アプリケーション 1:リアルタイム施設監視と制御システム
大規模な産業ネットワークにおけるリアルタイム監視や制御を実現するアプリケーションは、サイバー脅威の影響を受けやすくなっています。こうした用途では、現場から制御センターへ大量のデータを収集・送信・分析するために、多数の接続機器を導入する必要があります。このような環境では、以下のようなサイバーセキュリティ上の懸念が生じます。
- 数百台にもおよぶPLC (プログラマブル・ロジック・コントローラ) やセンサーをエッジに接続し、データを収集する必要があります。しかし、これらの1台1台が新たなネットワークノードとなり、不正アクセスやマルウェア感染といったサイバー攻撃の標的になりかねません。
- さらなる問題として、これらのエッジデバイスが多数集約され、ネットワークのディストリビューション層へと拡張されていくにつれ、脆弱性が拡大していく懸念があります。もしネットワークが適切にセグメント化されていなければ、たった1台のノードが侵害されるだけで、全体のネットワークが危険にさらされる恐れがあります。
このようなアプリケーションには、多層防御 (Defense in Depth) の考え方が有効です。国際規格 (IEC 62443やNERC CIP) 準拠のセキュリティ機能付きデバイスの選定、セグメント分離と脅威拡散の防止、各ノードの状態を常時監視し、異常の早期発見と対応、といった対策により、堅牢なセキュリティ基盤を築くことができます。
アプリケーション 2:産業機械のネットワーク統合
製造設備を遠隔管理・集中監視するためにネットワークに接続するケースが増えていますが、従来のように閉じたネットワークで共通のIP体系を用いる設計では、インターネット接続時にIP競合や再設定の手間、さらにはセキュリティ上の問題が生じます。
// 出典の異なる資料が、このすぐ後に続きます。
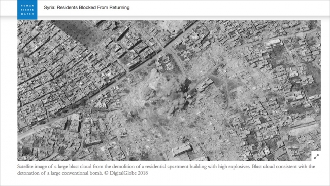 HRW açıklamasında, başkent Şam'ın Kabun mahallesinin uydu görüntülerini inceleyerek, rejimin mülkleri ihtarsız, tazminatsız ya da herhangi bir çözüm sunmadan yıktığını gözlemledikleri kaydedildi.

特に、予測可能なIPアドレス体系は攻撃対象になりやすく、接続によって新たな脅威が持ち込まれるリスクも高まります。
この課題に対しては:
- NAT (ネットワークアドレス変換) によるIPアドレスの隠蔽
- 不正IPを自動でブロックする脅威防止機能付きハードウェア
といったソリューションにより、安全かつスムーズな機器統合が可能になります。
OTネットワークの課題を乗り越え、スマートな未来へ
デジタル化が進む中で、OTとITの統合は避けられない流れです。その中で、サイバー脅威に対応するには、継続的なネットワーク監視と保護機構のアップデートが欠かせません。ただし、多くのOTエンジニアは最新のITに精通しているとは限らず、「セキュアかつスマートなネットワーク設計」を行うにはハードルが高い場面も少なくありません。
そのためには、OTの現場に適した多層防御型ネットワークアーキテクチャーと、将来を見据えた産業用ネットワークソリューションの導入が重要です。